Major Article on Self-Defense as Primary Prevention
Eh hem, drumroll please…. Our major article is available here on the Univ of NC repository. By “major” we mean full-length academic article in a peer-reviewed scholarly journal, namely Trauma, Violence, and Abuse. (Well, ok, by “major” we also mean that it took us a really long time and we kinda hope that Joe B. invites us to the White House to discuss our ideas with his Task Force.) In this article, we trace the meaning of “prevention” in the sexual assault prevention efforts on college campuses, and question why self-defense training is rarely a part of those efforts. Given that national attention, and new compliance mandates, have been heaped upon college campuses for their sexual assault problem, we think it’s a key time to review the scholarship on the efficacy of self-defense.

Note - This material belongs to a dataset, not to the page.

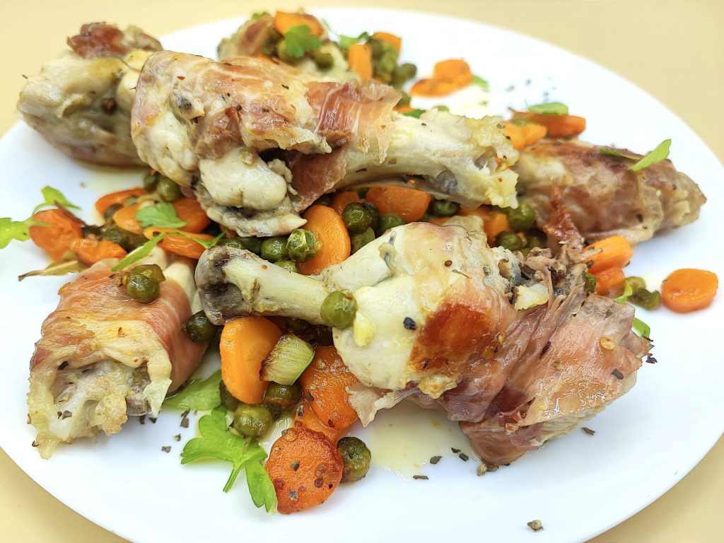 De bereiding van de kip met erwten en wortelen is heel eenvoudig en snel, bekijk de video HIER.

Once you see all that in one place, it’s hard to accept people claiming that they don’t include self-defense in their anti-sexual assault agenda because we lack evidence for its effectiveness, or because it’s not “primary prevention”. Indeed, we argue that it is gender ideology, not a lack of evidence, that explains the tendency to exclude self-defense from our sexual assault prevention efforts. Moreover, we stress that self-defense is not secondary prevention but primary prevention as self-defense is a key protective factor in the public health model of rape prevention. And, because we’re all about solutions, our article ends with specific ways college campuses can incorporate self-defense into various sexual assault prevention efforts.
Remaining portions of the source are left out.